[TASK DESCRIPTION]
The listing below should be printed again word for word, without any images.

[MATERIAL FOR THIS TASK]

※

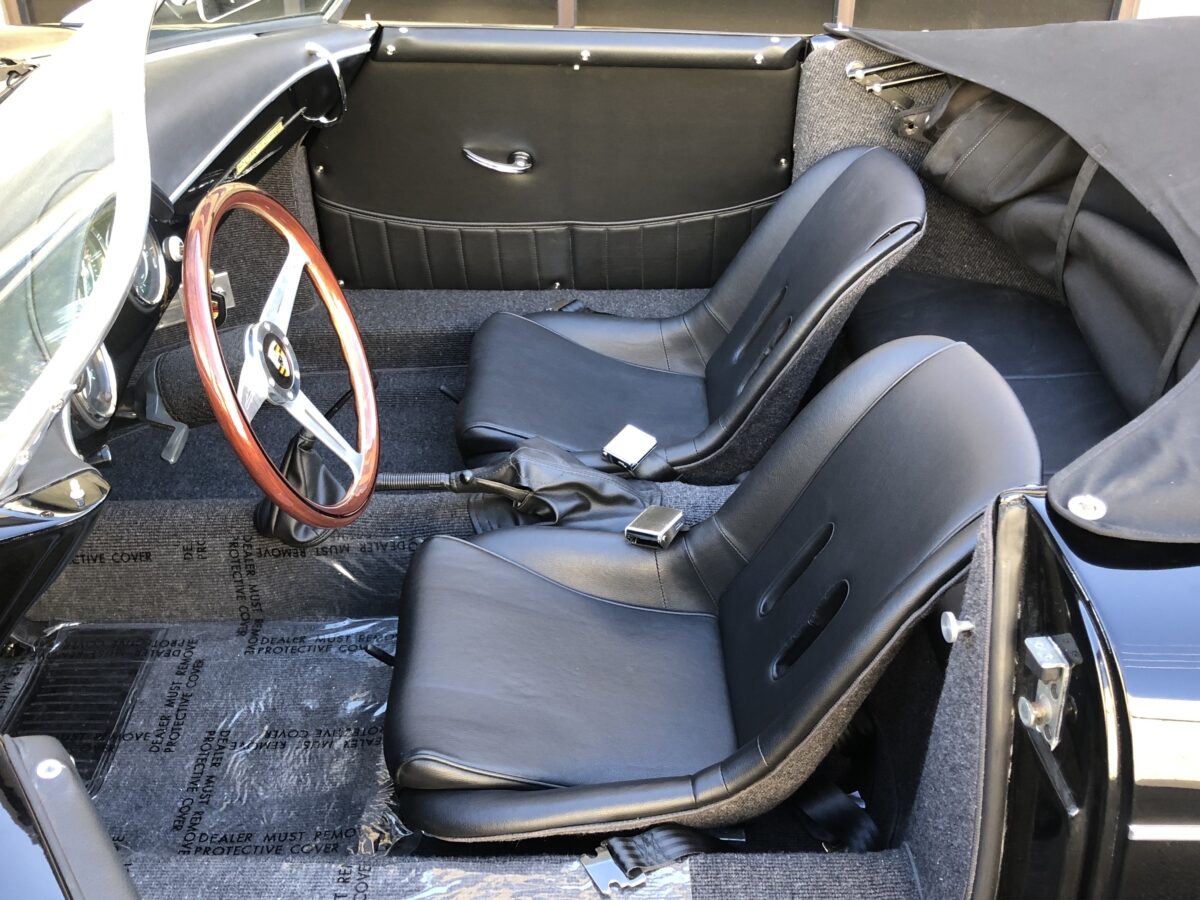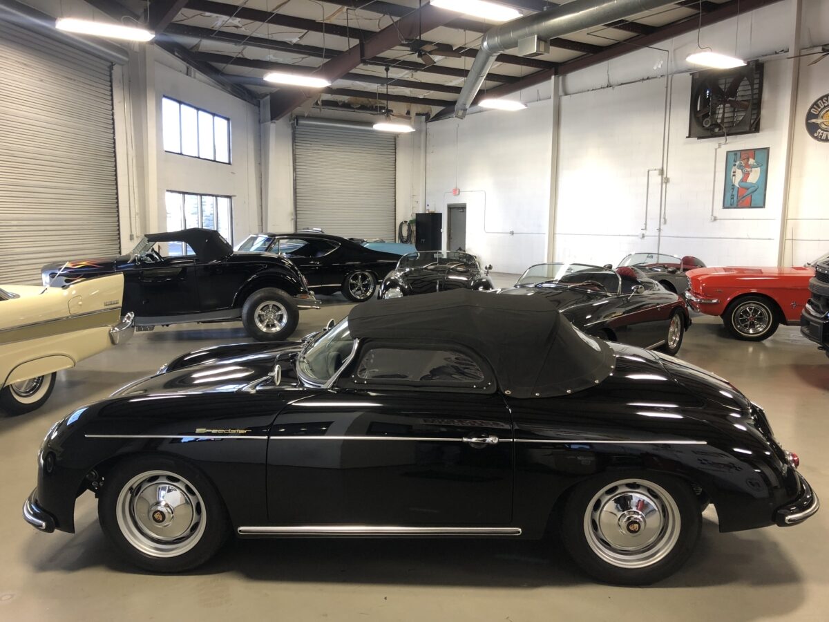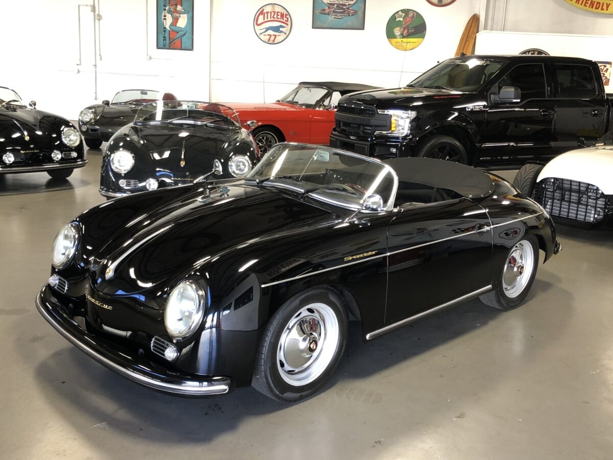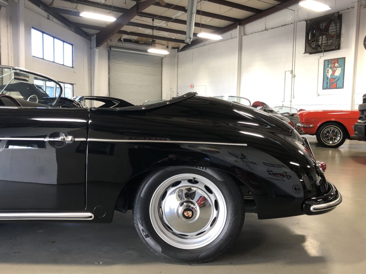 This beautiful Triple Black 356 Speedster Replica was built in 2012 by Vintage Speedster, is in excellent condition and runs and drives as good as it looks! That’s correct, I did say Replica, but not just any replica….this speedster was hand built by the original Vintage Speedsters company when they were located in California, one of the original builders of Speedster Replicas. In fact they had built about 90% of all the Speedster replicas on the market and their quality and customer service was top notch. They sold the company several years ago. They used a custom built, jig welded 2×4″ 11 gauge steel frame. This rigid new structure retains the original VW floor pan designed by Dr. Ferdinand Porsche and integrates the largest frame possible. In addition the steering wheel is offset slightly just as it was in the original Speedster. While original Speedsters are a rare breed, Vintage Speedster Replicas are rare in their own right with roughly only 3000 built.
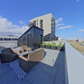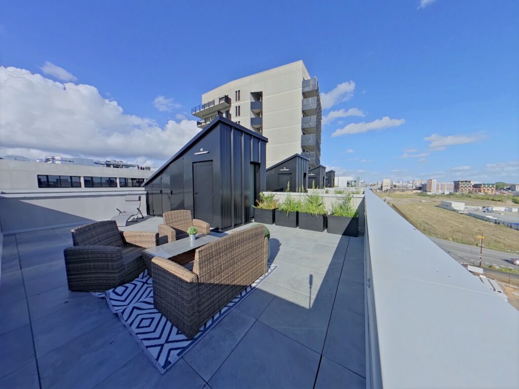 Au deuxième étage se trouve le toit terrasse de 36 m2 placards de rangements extérieurs compris.
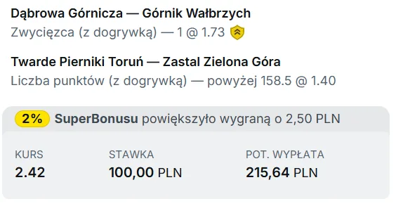 Spotkanie zapowiada się emocjonująco, bo oba kluby prezentują zbliżony poziom, a rywalizacja może toczyć się punkt za punkt. Skupiam się jednak na liczbie oczek – ostatnie występy Twardych Pierników były bardzo skuteczne w ofensywie, padały kolejno wyniki 196, 188, 209, 161 i 175 punktów. Zastal ostatnio również imponował pod względem punktowym w meczu ze Startem Lublin. Typuję, że w tym spotkaniu padnie powyżej 158,5 punktów. Pamiętaj, że czekają na Ciebie tylko i wyłącznie legalni bukmacherzy!
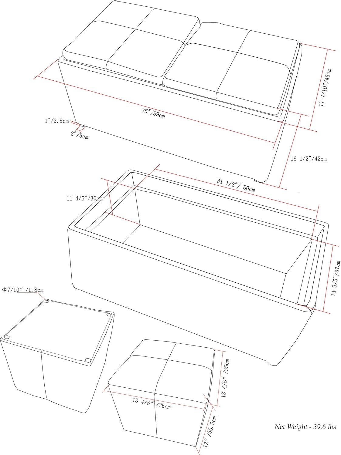- Product Dimensions : 17.7"D x 35.5"W x 16.5"H
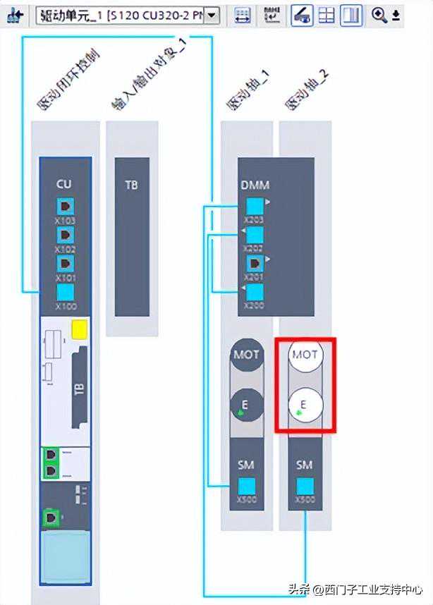 在设备视图中显示读取到的实际拓扑结构,如果有未分配的组件,需添加组件并修改拓扑图。由于电机2是非Drive-Cliq接口,所以需在拓扑图中对电机2组件进行指定:
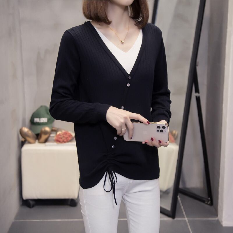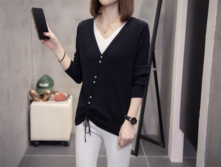 ルーズ薄手トップス オータムスタイルニットシャツ ロング 大きめサイズ 秋物 muto27863875393
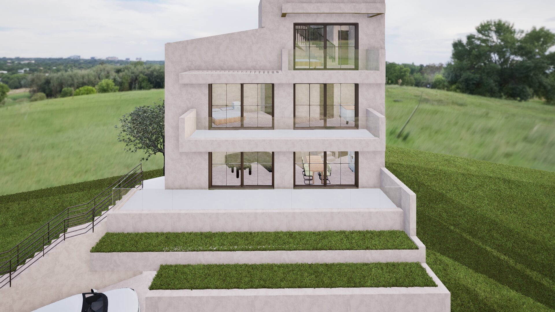 make it realistic add two people on the balconies add curtains behind the windows add short mediterranean vegetation on the grass add outdoor furniture on the balconies don t add vegetation on the first balcony
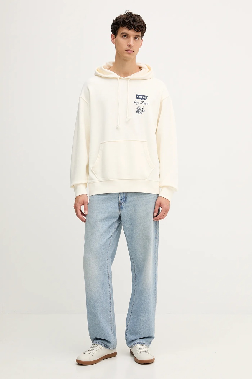 Levi's bluza bawełniana męska kolor beżowy z kapturem z nadrukiem A2639
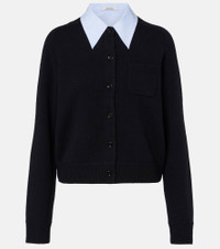 Dorothee Schumacher prefers to keep its designs refined and uncomplicated, allowing your natural confidence to shine through. The Elegant Statements cardigan is knitted from wool and cashmere and features a poplin collar for a layered effect. Product Details - Material: 70% wool, 30% cashmere - Care instructions: hand wash cold - Made in China - Designer color name: Pure Black - Item color: black - Material II: 67% wool, 28% cashmere, 4% polyamide, 1% elastane - Details: 97% cotton, 3% elastane - Material III: 100% viscose - Contains non-textile parts of animal origin - Detachable collar - Cuff: ribbed - Pockets: rounded chest pocket - Closure: buttoned front - Hem: ribbed - Item number: P01120069 Size & Fit - True to size - Straight fit - Partly stretchy fabric - Slightly cropped - The model seen in the picture is 178cm-5'10" and wearing a size 1
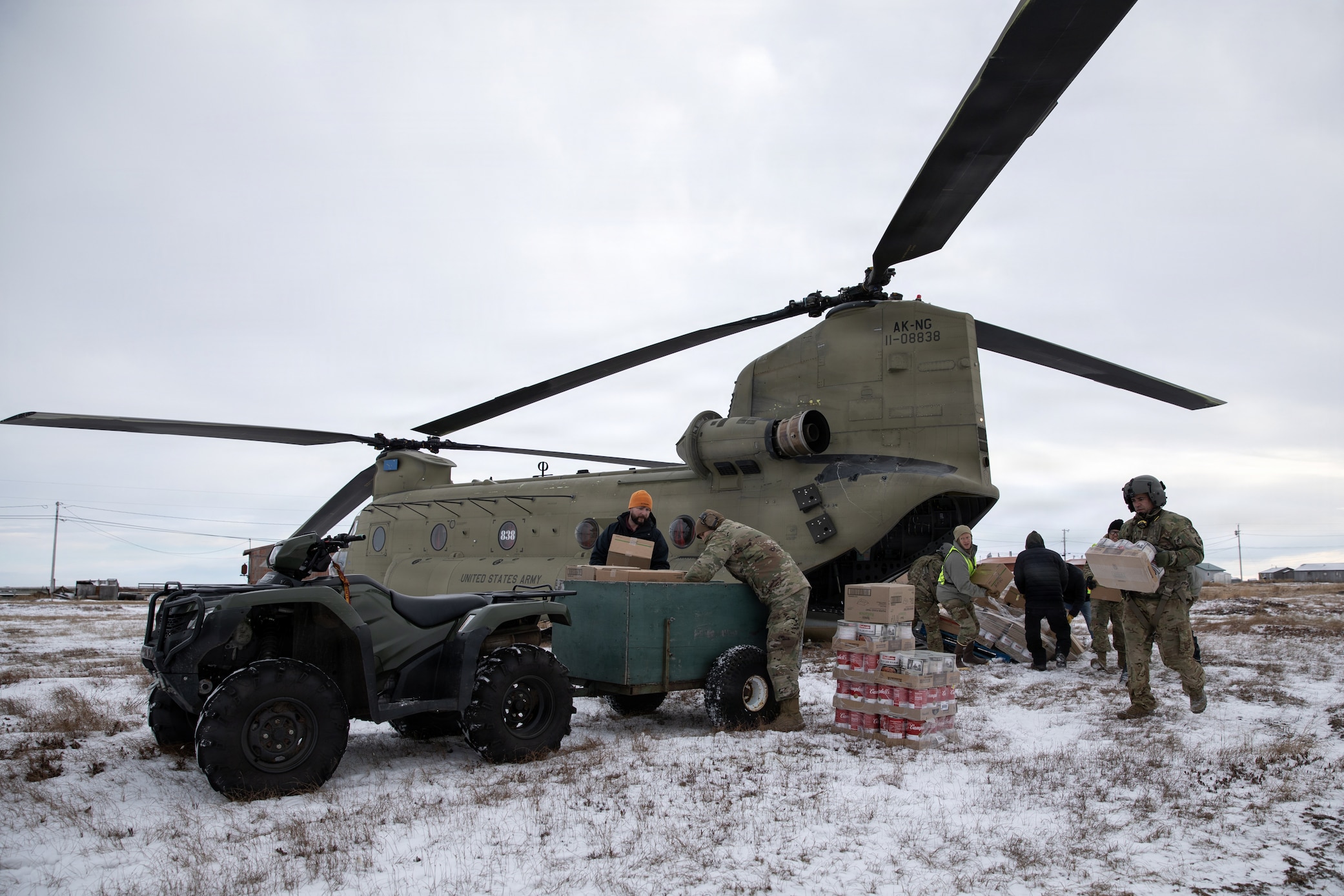 Alaska Organized Militia members, assigned to Task Force Bethel, offload relief supplies from an Alaska Army National Guard CH-47 Chinook helicopter while conducting post-storm recovery efforts for Operation Halong Response at Nunapitchuk, Alaska, Oct. 28, 2025. AKOM members, including Alaska Air and Army National Guardsmen and members of the Alaska Naval Militia and Alaska State Defense Force, continue coordinated response operations in support of the State Emergency Operations Center following Typhoon Halong. (Alaska National Guard photo by Pfc. Azavyon McFarland)
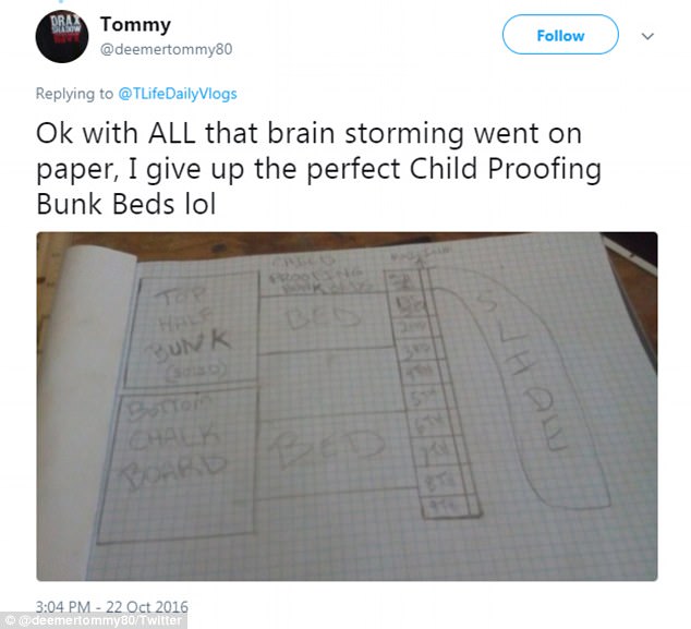 The man tweeted about childrearing and once shared a drawing he had completed of 'child proofing bunk beds'
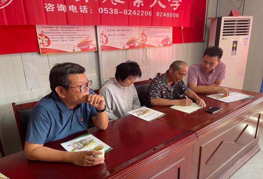 (刘成成 张庆伟供稿)7月3日,马克思主义学院党委书记傅臣家带队来到学院党建共建示范基地——肥城市王瓜店街道新胜村,举办“‘我为群众办实事’主题党日活动暨山东农业大学招生咨询会”。
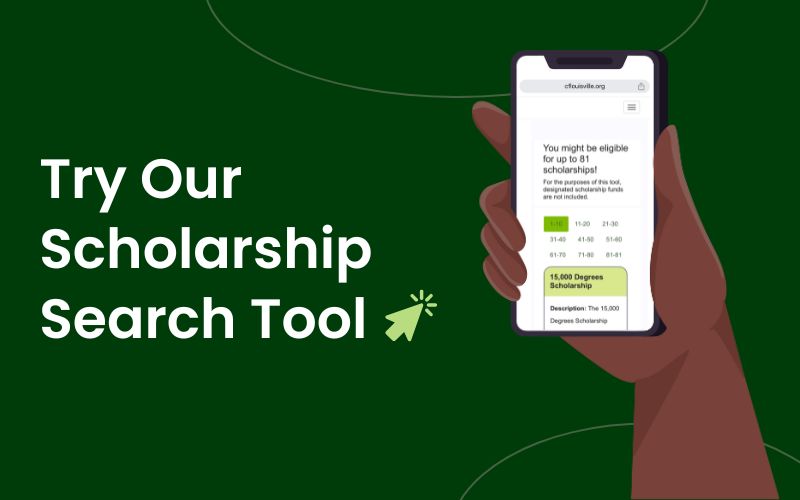 graphic that reads "try our scholarship search tool" with a hand holding a phone

※

[FINISHED TASK]
 This beautiful Triple Black 356 Speedster Replica was built in 2012 by Vintage Speedster, is in excellent condition and runs and drives as good as it looks! That’s correct, I did say Replica, but not just any replica….this speedster was hand built by the original Vintage Speedsters company when they were located in California, one of the original builders of Speedster Replicas. In fact they had built about 90% of all the Speedster replicas on the market and their quality and customer service was top notch. They sold the company several years ago. They used a custom built, jig welded 2×4″ 11 gauge steel frame. This rigid new structure retains the original VW floor pan designed by Dr. Ferdinand Porsche and integrates the largest frame possible. In addition the steering wheel is offset slightly just as it was in the original Speedster. While original Speedsters are a rare breed, Vintage Speedster Replicas are rare in their own right with roughly only 3000 built.
 Au deuxième étage se trouve le toit terrasse de 36 m2 placards de rangements extérieurs compris.
 Spotkanie zapowiada się emocjonująco, bo oba kluby prezentują zbliżony poziom, a rywalizacja może toczyć się punkt za punkt. Skupiam się jednak na liczbie oczek – ostatnie występy Twardych Pierników były bardzo skuteczne w ofensywie, padały kolejno wyniki 196, 188, 209, 161 i 175 punktów. Zastal ostatnio również imponował pod względem punktowym w meczu ze Startem Lublin. Typuję, że w tym spotkaniu padnie powyżej 158,5 punktów. Pamiętaj, że czekają na Ciebie tylko i wyłącznie legalni bukmacherzy!
- Product Dimensions : 17.7"D x 35.5"W x 16.5"H
 在设备视图中显示读取到的实际拓扑结构,如果有未分配的组件,需添加组件并修改拓扑图。由于电机2是非Drive-Cliq接口,所以需在拓扑图中对电机2组件进行指定:
 ルーズ薄手トップス オータムスタイルニットシャツ ロング 大きめサイズ 秋物 muto27863875393
 make it realistic add two people on the balconies add curtains behind the windows add short mediterranean vegetation on the grass add outdoor furniture on the balconies don t add vegetation on the first balcony
 Levi's bluza bawełniana męska kolor beżowy z kapturem z nadrukiem A2639
 Dorothee Schumacher prefers to keep its designs refined and uncomplicated, allowing your natural confidence to shine through. The Elegant Statements cardigan is knitted from wool and cashmere and features a poplin collar for a layered effect. Product Details - Material: 70% wool, 30% cashmere - Care instructions: hand wash cold - Made in China - Designer color name: Pure Black - Item color: black - Material II: 67% wool, 28% cashmere, 4% polyamide, 1% elastane - Details: 97% cotton, 3% elastane - Material III: 100% viscose - Contains non-textile parts of animal origin - Detachable collar - Cuff: ribbed - Pockets: rounded chest pocket - Closure: buttoned front - Hem: ribbed - Item number: P01120069 Size & Fit - True to size - Straight fit - Partly stretchy fabric - Slightly cropped - The model seen in the picture is 178cm-5'10" and wearing a size 1
 Alaska Organized Militia members, assigned to Task Force Bethel, offload relief supplies from an Alaska Army National Guard CH-47 Chinook helicopter while conducting post-storm recovery efforts for Operation Halong Response at Nunapitchuk, Alaska, Oct. 28, 2025. AKOM members, including Alaska Air and Army National Guardsmen and members of the Alaska Naval Militia and Alaska State Defense Force, continue coordinated response operations in support of the State Emergency Operations Center following Typhoon Halong. (Alaska National Guard photo by Pfc. Azavyon McFarland)
 The man tweeted about childrearing and once shared a drawing he had completed of 'child proofing bunk beds'
 (刘成成 张庆伟供稿)7月3日,马克思主义学院党委书记傅臣家带队来到学院党建共建示范基地——肥城市王瓜店街道新胜村,举办“‘我为群众办实事’主题党日活动暨山东农业大学招生咨询会”。
 graphic that reads "try our scholarship search tool" with a hand holding a phone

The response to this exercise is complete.